**What is expected:**
Everything in the data except the pictures belongs in your answer, copied exactly.

**Collected material:**
* * * *
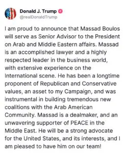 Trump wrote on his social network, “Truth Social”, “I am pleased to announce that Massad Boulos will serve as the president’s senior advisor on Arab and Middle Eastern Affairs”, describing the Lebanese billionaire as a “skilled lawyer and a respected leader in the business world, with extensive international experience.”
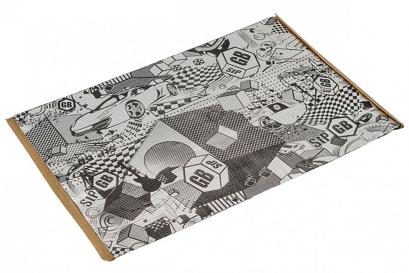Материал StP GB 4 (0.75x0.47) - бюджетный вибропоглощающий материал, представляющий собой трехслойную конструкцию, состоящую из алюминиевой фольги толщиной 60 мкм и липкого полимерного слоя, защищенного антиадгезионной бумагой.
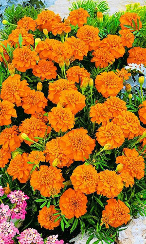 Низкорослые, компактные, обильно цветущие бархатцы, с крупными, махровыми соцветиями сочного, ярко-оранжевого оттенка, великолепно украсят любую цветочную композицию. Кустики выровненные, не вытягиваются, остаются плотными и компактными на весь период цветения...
* * * *
**The answer:**
 Trump wrote on his social network, “Truth Social”, “I am pleased to announce that Massad Boulos will serve as the president’s senior advisor on Arab and Middle Eastern Affairs”, describing the Lebanese billionaire as a “skilled lawyer and a respected leader in the business world, with extensive international experience.”
Материал StP GB 4 (0.75x0.47) - бюджетный вибропоглощающий материал, представляющий собой трехслойную конструкцию, состоящую из алюминиевой фольги толщиной 60 мкм и липкого полимерного слоя, защищенного антиадгезионной бумагой.
 Низкорослые, компактные, обильно цветущие бархатцы, с крупными, махровыми соцветиями сочного, ярко-оранжевого оттенка, великолепно украсят любую цветочную композицию. Кустики выровненные, не вытягиваются, остаются плотными и компактными на весь период цветения...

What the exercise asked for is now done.